Provided data Block Start

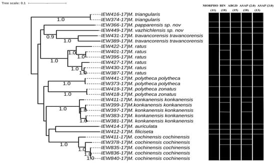 Maximum likelihood dendrogram showing species delimitation analyses of the COI dataset of Megascolex species of Kerala (black rectangles). MORPHO = Morphology, BIN = Barcode Gap Index Number, ABGD = Automatic Barcode Gap Discovery, and ASAP = Assemble Species by Automatic Partitioning at 2.0 and 3.0 ASAP scores.
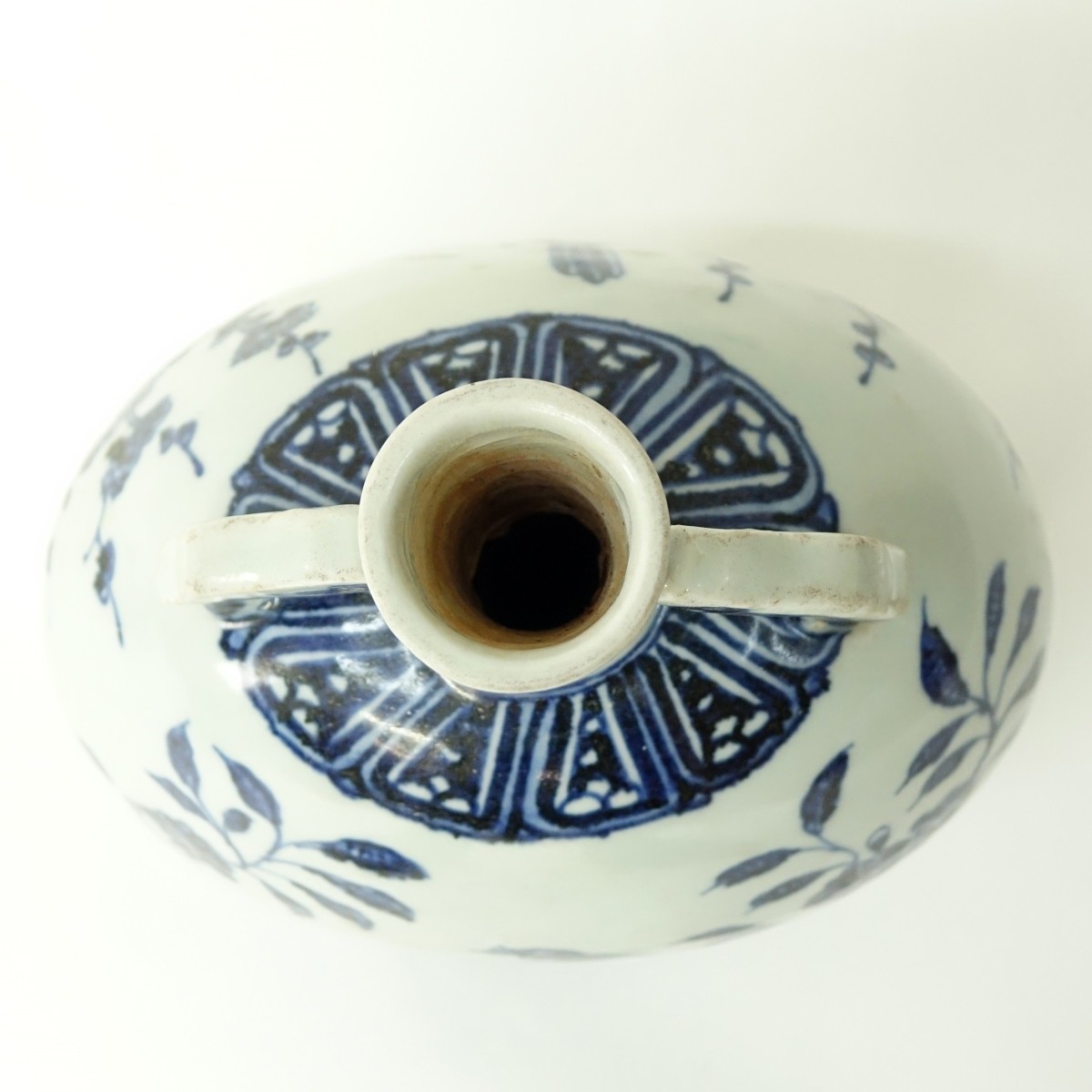Chinese Ming Dynasty Style Blue and White Porcelain Moon Flask Vase. Impressed mark to base. Measures 11" H x 8-1/2" W. Condition: Rubbing to handles otherwise good condition Domestic Shipping: $85.00 Min Est. $200.00 Max Est. $300.00
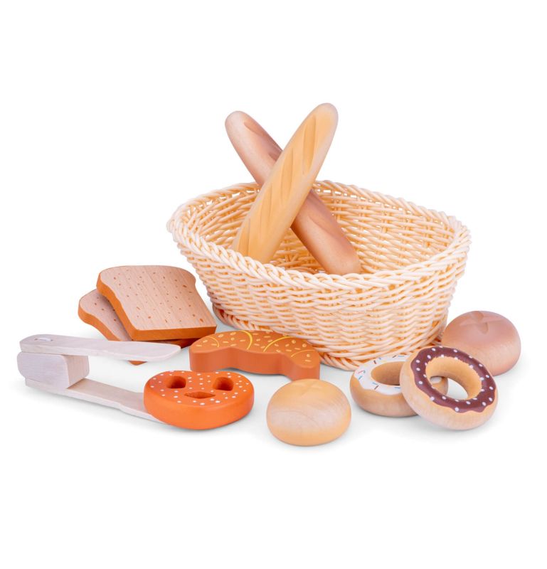 Zestaw drewnianego pieczywa do zabawy w koszyczku
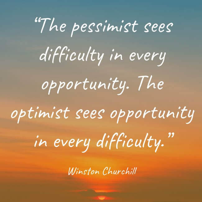- 1“The pessimist sees difficulty in every opportunity. The optimist sees opportunity in every difficulty.” - Winston Churchill
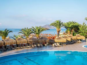 Основен ресторант, 2 а-ла-карт ресторанта (рибен и италиански - 1 безплатно посещение на 1 от ресторантите при минимум 7 нощувки, от 01.05.2026 - 30.09.2026), сладкарница, 3 бара, 3 открити басейна, 2 водни пързлки, СПА център, дискотека, магазини, паркинг.
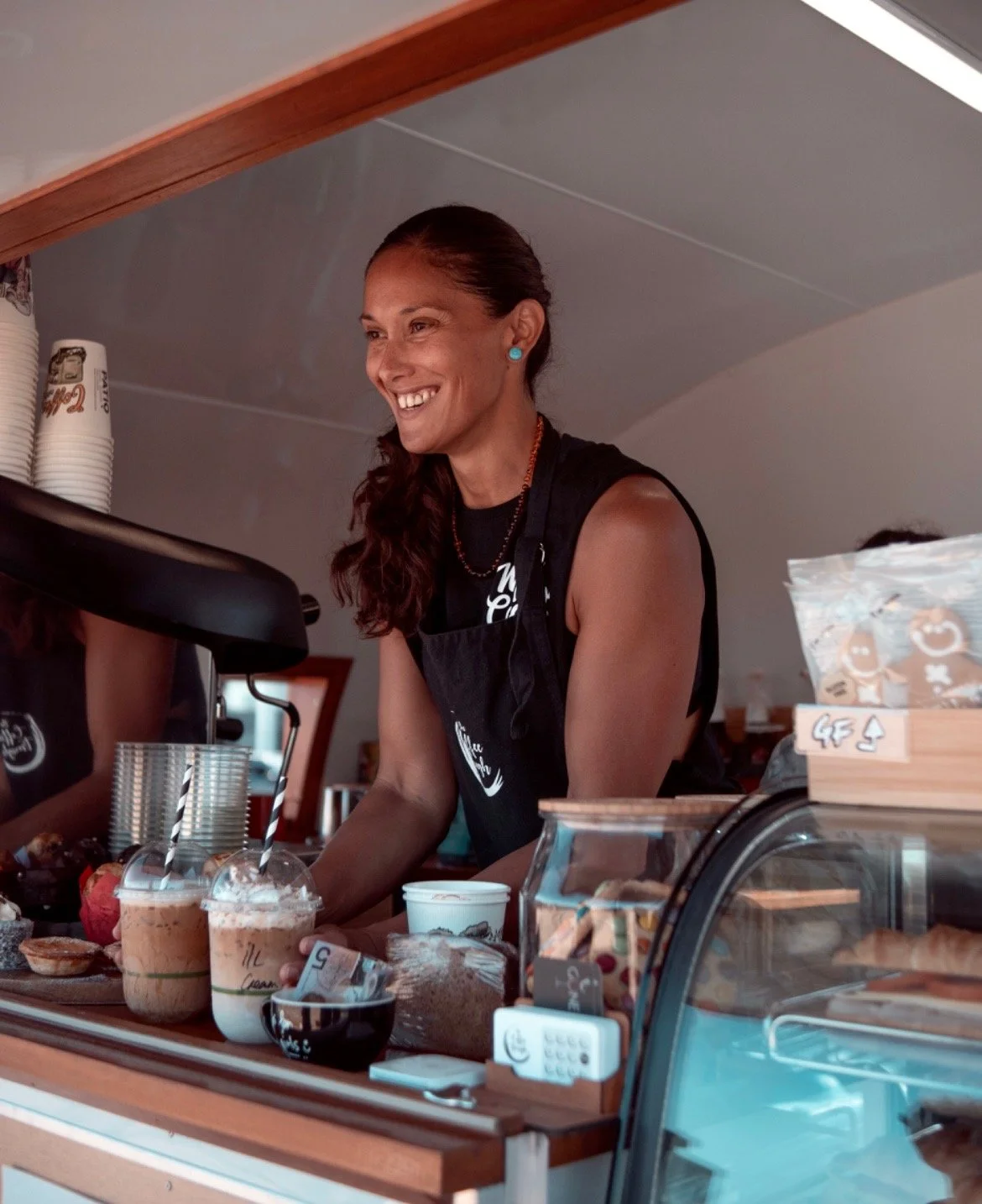 We love seeing our locals, walkers, surfers, cyclists and families pop by or hang out, enjoying the coffee and chatting with mates. On weekends my two young daughters assist in serving our customers, learning the family trade and making a buck of course!

Provided data Block End

■ What is required
Set down, exactly as written, each line from the one that contains "Основен ресторант, 2" to the last line of the records, but none of the pictures.

■ Answer space
 Основен ресторант, 2 а-ла-карт ресторанта (рибен и италиански - 1 безплатно посещение на 1 от ресторантите при минимум 7 нощувки, от 01.05.2026 - 30.09.2026), сладкарница, 3 бара, 3 открити басейна, 2 водни пързлки, СПА център, дискотека, магазини, паркинг.
 We love seeing our locals, walkers, surfers, cyclists and families pop by or hang out, enjoying the coffee and chatting with mates. On weekends my two young daughters assist in serving our customers, learning the family trade and making a buck of course!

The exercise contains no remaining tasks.